IDentified!

Identity spoofing is a major concern on the Internet where a person's identity and location can easily be hidden or masqueraded.

It is a growing problem as hackers and DoS attackers use spoofed identities to avoid detection and make it difficult for their victims to recover from the attacks. In early 2004, Microsoft unveiled "Caller ID for E-mail." This was aimed at preventing the use of spoofed identities in spamming and other email related abuse.

As it was proposed, DNS servers would maintain an ongoing list of authenticated e-mail senders. When recipients receive a message, its header would be opened, and its authentication data would be checked against this list, before it gets posted to the Inbox. If there was no match against the list, the e-mail would simply be deleted. As Microsoft described Caller ID for E-mail at the time, it was a mechanism for legitimate senders of mail to help ensure their Domain Name is not being abused by a spammer.
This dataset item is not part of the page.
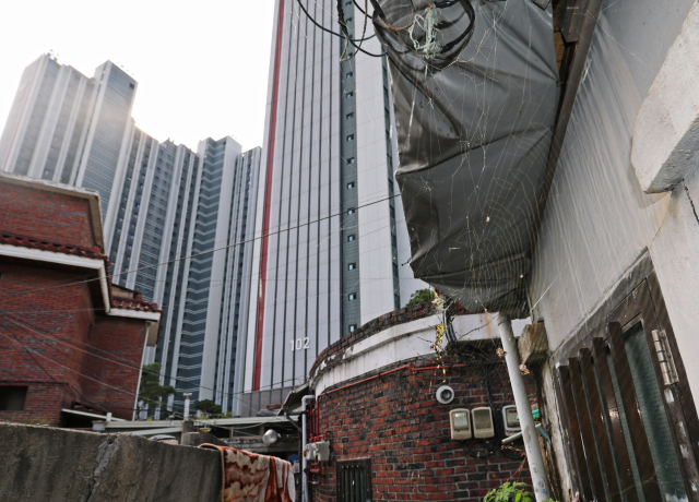 서울 노원구 상계5구역의 노후 주택 너머로 노원롯데캐슬시그니처(상계6구역) 아파트 단지가 보이는 모습. 뉴스1

In a nutshell, Caller ID involves two key steps. First, senders of e-mail publish the IP addresses of their outgoing mail servers in DNS in an e-mail policy document. Secondly, the e-mail software at the receiving end of a message queries DNS for the e-mail policy and determines the 'purported responsible domain' of the message. This is done by comparing the information in DNS to ensure it matches the information on the originating mail. Microsoft claimed it was a technical solution that got at the root of the spam problem by helping to confirm legitimate senders.

In August of that year, in order to advance its development and approval, the Internet Engineering Task Force grafted Microsoft's proposal onto another concept which utilized a more complex and programmable system for a server determining whether a message should be forwarded, called Sender Policy Framework. The result was 'Sender ID.' Almost immediately, the IETF came under fire from some of its members, for advancing a framework as a public standard for which Microsoft was known to hold patents.

Apache announced that the Microsoft Royalty-Free Sender ID Patent License Agreement terms were a barrier to any ASF project which wants to implement Sender ID. They argued that the license was incompatible with open source, contrary to the practice of open Internet standards, and also incompatible with the Apache License 2.0 and therefore refused to implement or deploy Sender ID under the given license terms. The Debian Project also held a similar view.

Later on, Cisco Systems and Yahoo advanced an alternative specification called Domain Keys Identified Mail (DKIM). It's a far more complex system that involves authentication at both the sending end and the receiving end, which would also advance the notion of fully certified users that Cisco has always supported. While technically, both DKIM and Sender ID could co-exist, there may be no direct benefit in it; and DKIM's sender-side authentication, which Sender ID lacks, could be seen by network architects as an obvious advantage. DKIM has since garnered the support of e-mail providers such as AOL and Earthlink, and technology providers such as IBM, IronPort Systems, and Sendmail.

So in lieu of waiting for a fundamental overhaul of the IETF, Microsoft opted to gamble on turning over its share of Sender ID's intellectual property to the public, under a license-free scheme the company had originally created, to address some of the European Commission's more pressing concerns. Microsoft now says that their goal is to advance interoperable efforts for online safety worldwide by putting Sender ID under the Open Specification Promise. Under the basic terms of OSP, Microsoft agrees never to make any claims against developers' use of the technologies it covers, so long as they themselves refrain from making any claims against Microsoft for possible patent infringement.

No statements have been filed yet from Apache or Debian, or from the IETF. In a sign that Microsoft's move may thaw the ice at least partly, IronPort and Sendmail have both signed onto Microsoft's Sender ID announcement.